OpenAI to acquire Promptfoo and fold agent security testing into Frontier

On March 9, 2026, OpenAI announced that it plans to acquire Promptfoo, an AI security platform focused on helping enterprises find and fix vulnerabilities in AI systems during development. OpenAI said the technology will be integrated into OpenAI Frontier, the company’s platform for building and operating AI coworkers. The announcement is notable because it treats evaluation and security as first-class requirements for agents that can act inside real business workflows rather than as optional post-launch checks.

OpenAI framed the deal around a concrete enterprise problem. As companies give agents access to tools, data, and internal processes, the risk surface expands quickly: prompt injection, jailbreaks, data leaks, tool misuse, and other out-of-policy behaviors can appear before a system is fully deployed. OpenAI’s pitch is that Promptfoo’s tooling can move those checks earlier in the lifecycle, so teams can test risky behavior systematically while they are still iterating on system prompts, guardrails, tools, and policies.

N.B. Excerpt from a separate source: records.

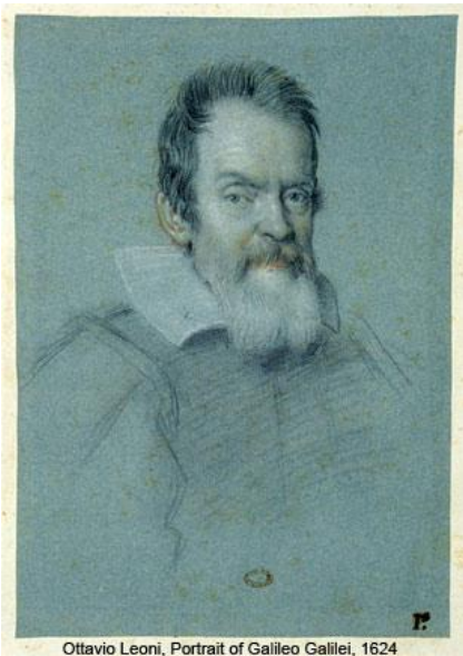
Ottavio Leoni, Portrait of Galileo Galilei, 1624

Galileo Galilei puede considerarse como el padre de las ciencias. Galileo investigó en campos tan variados del conocimiento, que aún hoy, 400 años después sigue siendo un científico reconocido por sus descubrimientos e investigaciones.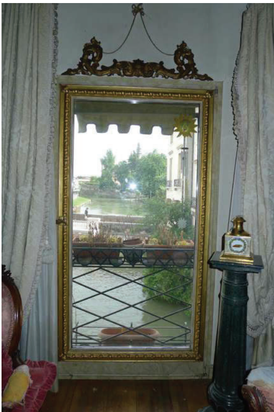
22 – Particolare di una finestra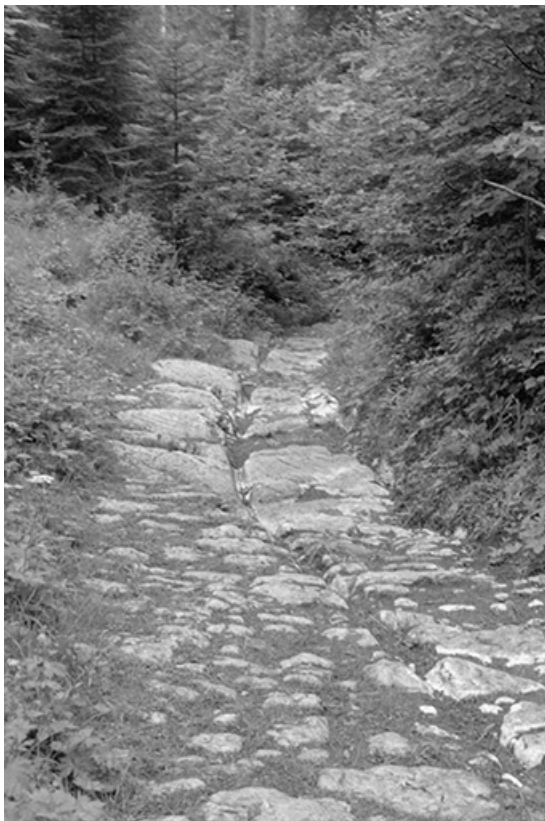
Montée vers le passage : sol stabilisé en pierres rondes.

25, Villers-sous-Chalamont, lieudit : Chalamont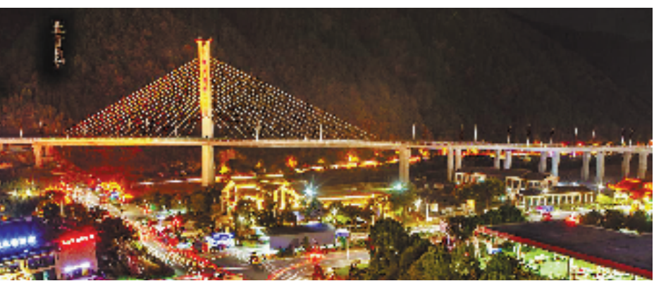
景宁高架桥夜景 邱文俊供图

素有“九山半水半分田”的景宁、文成两县,境内河谷纵横、群峦起伏,平均海拔近500米。长期以来,大山峡谷阻隔,交通不便,百姓出行困难,极大地制约了当地经济发展。在连绵的大山间开辟高速,成为了浙南人民的殷切期盼。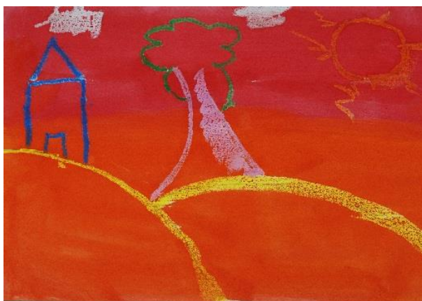
Ilustrasi 1: Pemandangan Petang (1)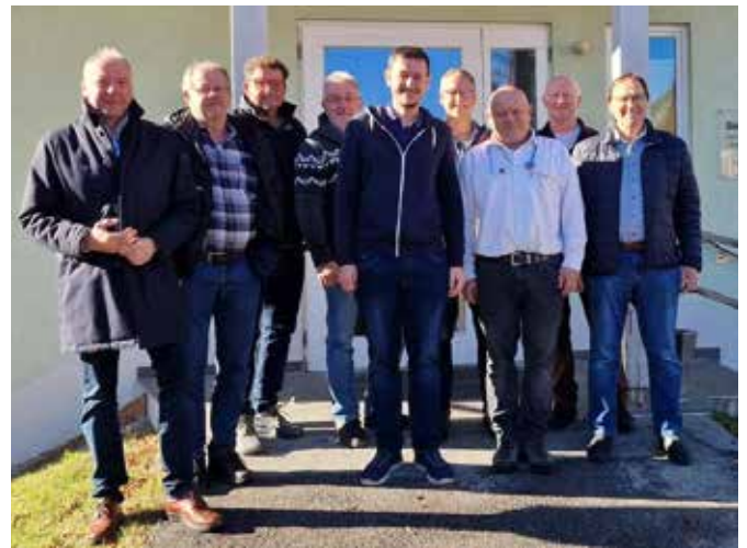
Gemeinsames Gruppenfoto vor der Praxis: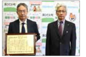
4月15日 池内建設(株)へ感謝状贈呈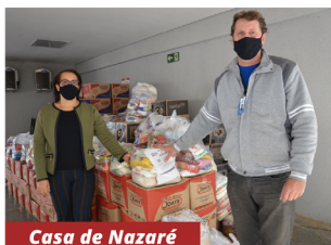
Casa de Nazaré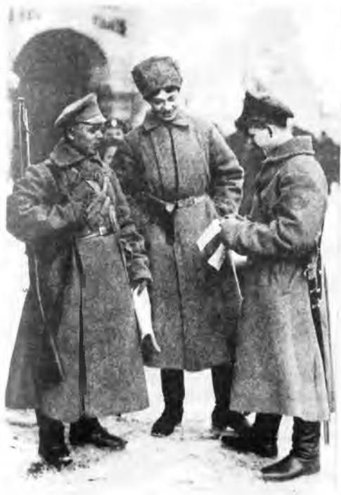
На улицах Петрограда. Февраль-март 1917 г.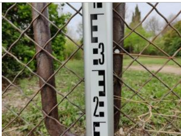
Débris végétaux dans le portail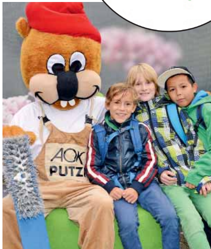
Erinnerungsfoto mit Maskottchen „Putzi“ am Stand der AOK Plus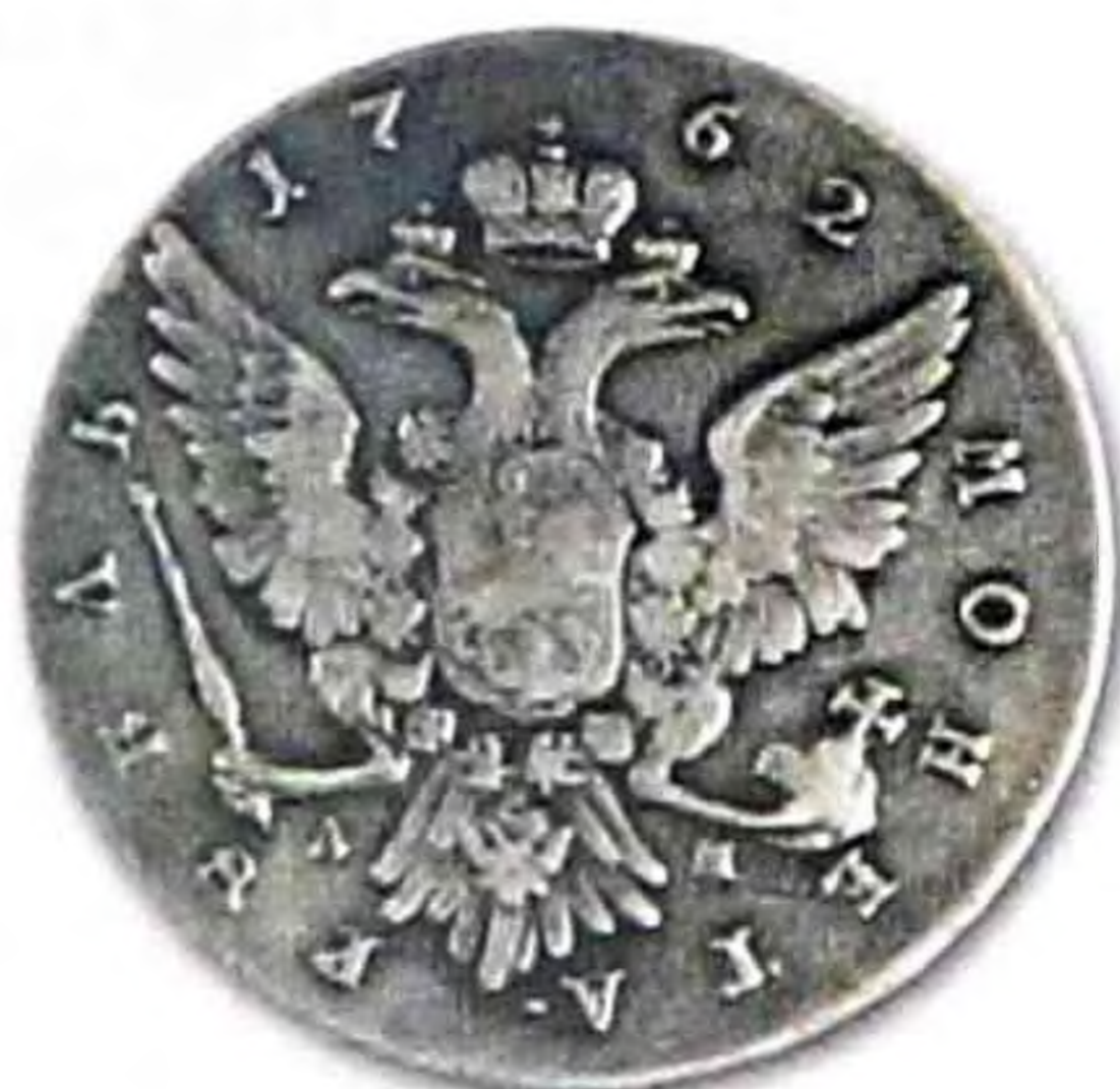
Рубль Петра III, 1762 г., серебро, редкая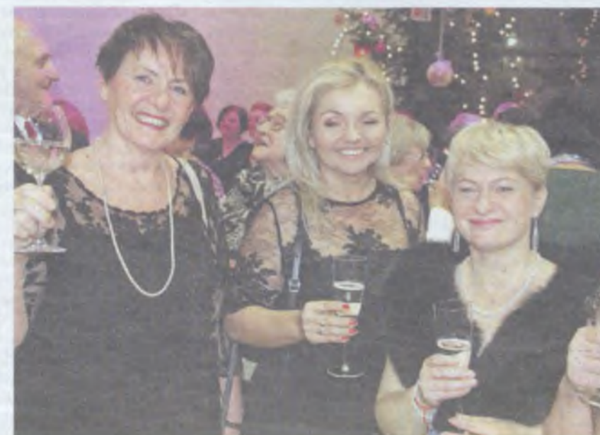
Wzniesmy toast za pomyślność oleśniczan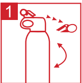
Retirer la sécurité

Testé et recommandé par les experts de la lutte anti-incendie et des assurances immobilières.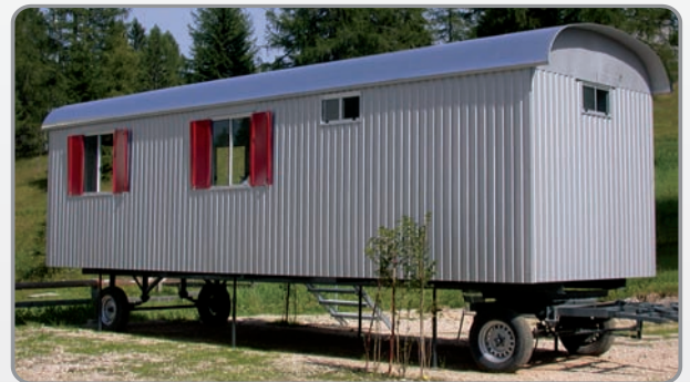
8 m kombinierter Büro- Aufenthalt- u. Sanitärwagen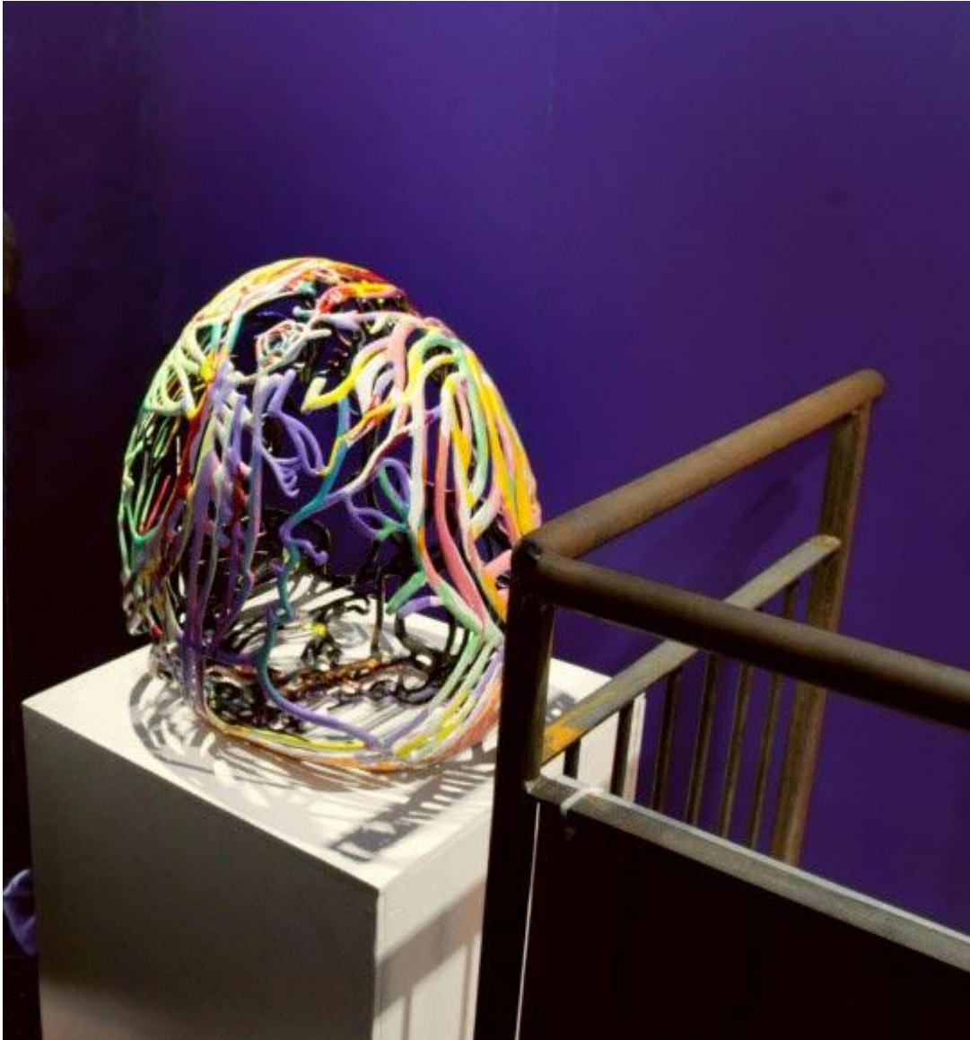
Annexe 12 Ghada Amer, Baisers #1 , 2011.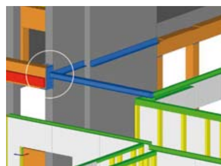
Bild 13 Brandschutzbeschichtete Stahlträger. Großer Aufwand, um „Flachdecken“ zu erreichen, von denen im Gangbereich die Installationen abgehängt wurden.

Ein besonderes Augenmerk wurde auf die reduzierte Ausführung der Satteldachträger der 20 m langen Atriumüberdachung gelegt: Die nur 10 cm breiten BS-Holz-Träger haben im First eine Höhe von 82 cm, die sich zu den Trägerenden hin auf 18 cm verjüngt. 15 Stück überspannen 7,50 m im Abstand von 1,25 m (Bilder 3, 10 und 12). Die Einbindung in die Attikakonstruktion stellt zugleich die Gabel-lagerung dar. Die Kippstabilisierung erfolgt in den 1/3 Punkten über durchlaufende Zugstäbe ( b/h = 5 \text{ cm}/5 \text{ cm} ), die in dafür vorgesehene Ausfräsungen der Trägeroberseite eingelegt sind (Bild 10).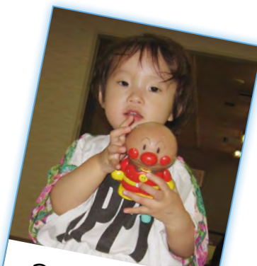
アンパンマンと一緒に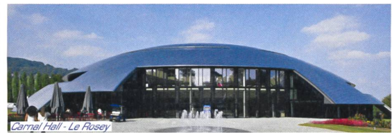
Carnival Hall - Le Rosey

Ch. I.-de Montolieu 161 - 1010 Lausanne Tél. 021 601 44 59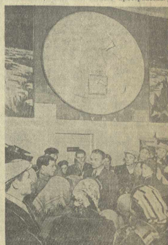
Москвичи проявляют большой интерес к сообщению о запуске третьей советской космической ракеты. А в снимке: посетители Московского планетария слушают сообщение лектора о запуске третьей советской космической ракеты.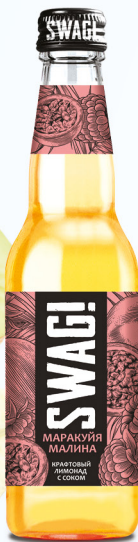
Маракуйя & малина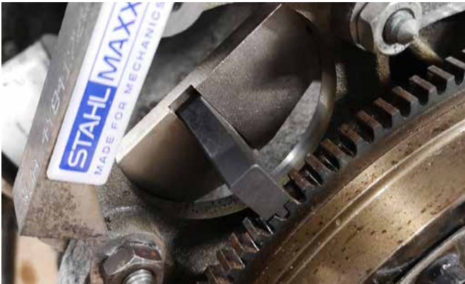
BLOCKIERWERKZEUG FÜR SCHWUNGRAD 50017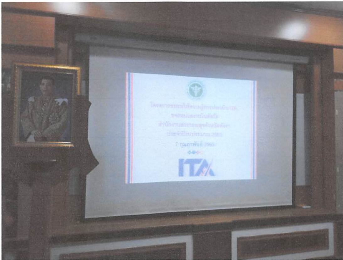
ภาพถ่ายโครงการอบรมให้ความรู้การประเมิน ITA ของหน่วยงานในสังกัดสำนักงานสาธารณสุขจังหวัดพังงา ประจำปีงบประมาณ ๒๕๖๓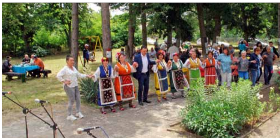
В двора на местното читалище жители и гости на село Балканци извиха кръшни хора и се отдадоха на сладка размисъл край трапезата.

За доброто настроение на всички се погрижиха музикантите от формация „Чар“, а няколко народни песни изпълниха самодейците от НЧ „Стефан Караджа – 1941“, село Чернооково. Събитийната програма започна с кръшно хоро, което се изви покрай масите, разположени под дебелия сянка в двора на местното читалище. Общинският кмет пък поздрави всички присъстващи, като им пожела да бъдат здрави, да продължават да се събират, да разказват на поколенията за своите родове и да носят в сърцето си китното село Балканци.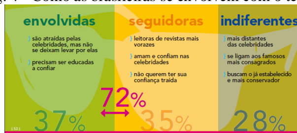
Fig. 4 - Como as brasileiras se envolvem com o tema.

De forma mais ampla, a segmentação nos revelou que, utilizando uma figura famosa em uma campanha publicitária, apenas 28% das mulheres sentem-se mais distantes desse universo, enquanto 72% delas estão envolvidas com o tema.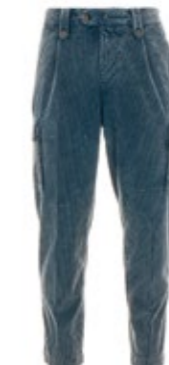
Myths Cargohose Fancycord 230,00 €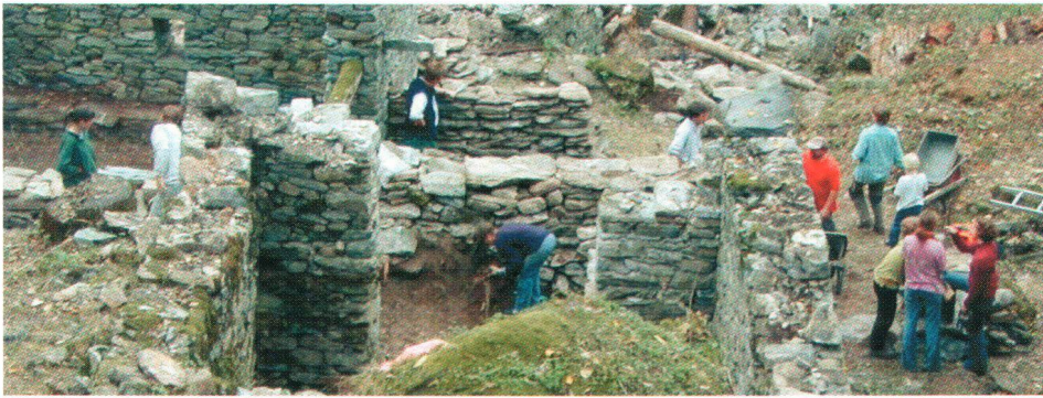
Während der Arbeits- und Ferienwoche konnten die Teilnehmer(innen) die «Steinbauweise» für einmal am eigenen Leib erfahren. Durant cette semaine de travail et de loisirs, les participantEs ont vraiment expérimenté la construction pierre par pierre.

Promptfoo already has both enterprise reach and developer credibility. OpenAI said the company is trusted by over 25 percent of Fortune 500 companies and has built a widely used open-source CLI and library for evaluating and red-teaming LLM applications. That matters because many enterprise AI teams already rely on mixed stacks: internal tooling, open-source eval frameworks, and managed model platforms. OpenAI said it will continue building the open-source Promptfoo project while also expanding the integrated enterprise features inside Frontier, which suggests it wants both ecosystem adoption and tighter platform differentiation.

The roadmap OpenAI outlined has three main parts. First, automated security testing and red-teaming are supposed to become native Frontier features, with direct support for discovering and remediating issues such as prompt injection and data leakage. Second, security and evaluation will be embedded into development workflows rather than treated as separate audit steps. Third, OpenAI wants integrated reporting and traceability so organizations can document tests, track changes over time, and satisfy governance, risk, and compliance requirements. If OpenAI executes on that plan, this acquisition will matter less as a simple M&A event and more as a sign that agent platforms are converging toward secure-by-default operating environments.